The 2024 DORA Report bands run from under one hour for Elite teams, to under one day for High, one day to one week for Medium, and over six months for Low. As with every DORA band, the gap between tiers is what matters: a team recovering in 40 minutes versus 55 minutes is in the same place, but a team at 40 minutes versus three days is running an entirely different operation. The faster band is not luck. It comes from the deploy being reversible and the team knowing immediately that something is wrong.

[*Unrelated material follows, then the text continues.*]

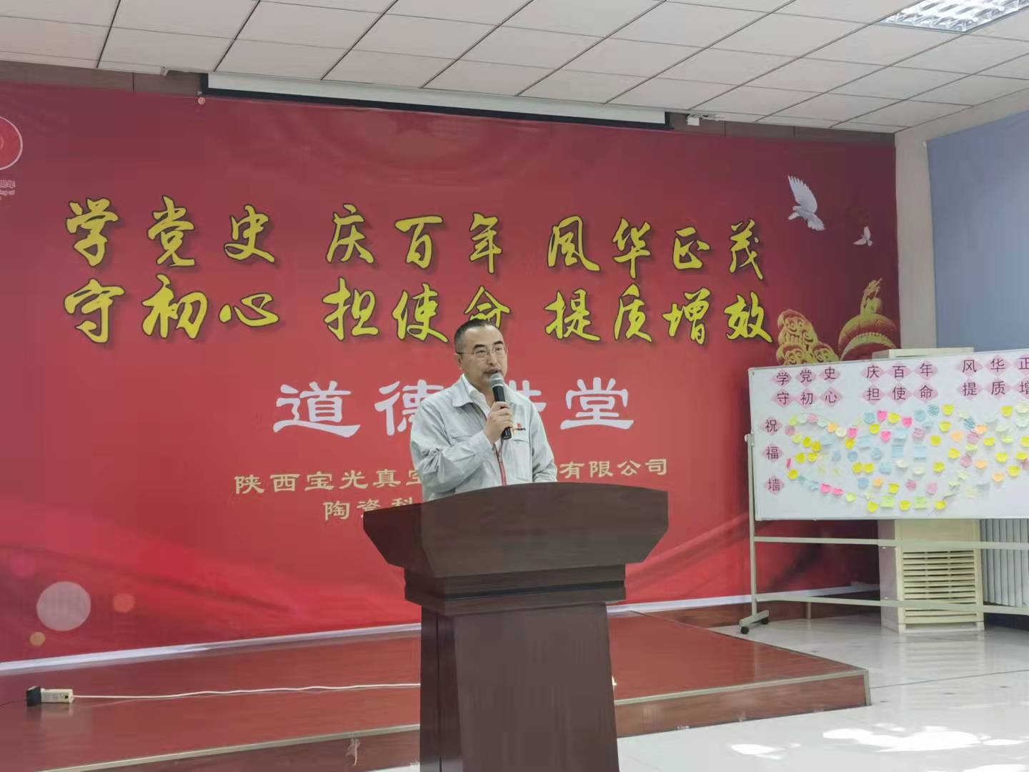 “唱支山歌給黨聽(tīng), 我把黨來(lái)比母親......”9月30日下午,在高昂激越、催人奮進(jìn)的歌聲中,由寶光股份黨委工作處主辦,陶瓷科技公司黨支部承辦的“學(xué)黨史、慶百年、風(fēng)華正茂; 守初心、擔(dān)使命、提質(zhì)增效”主題道德講堂盛大開啟。寶光股份黨委書記、總經(jīng)理謝洪濤,寶光股份工會(huì)主席、紀(jì)委書記付宗喜,寶光股份副總經(jīng)理袁軍為應(yīng)邀出席活動(dòng)。

Where the clock starts: customer impact, not engineering awareness
The clock-start decision is the one that determines whether recovery time describes the customer's experience or engineering's. The honest start point is when customers are affected, not when someone in engineering notices. Those two moments can sit an hour apart, and the gap between them is itself a signal: a long detection delay means your monitoring is not watching what users actually feel.
In practice this means hooking the clock into monitoring and status-page data, not just deployment logs. A deploy log tells you when the bad change shipped. It does not tell you when error rates climbed, when the first customer hit a broken checkout, or when latency crossed the threshold that matters. Starting the clock at "engineering paged" flatters the number by excluding the detection gap, which is often the most fixable part of the whole incident.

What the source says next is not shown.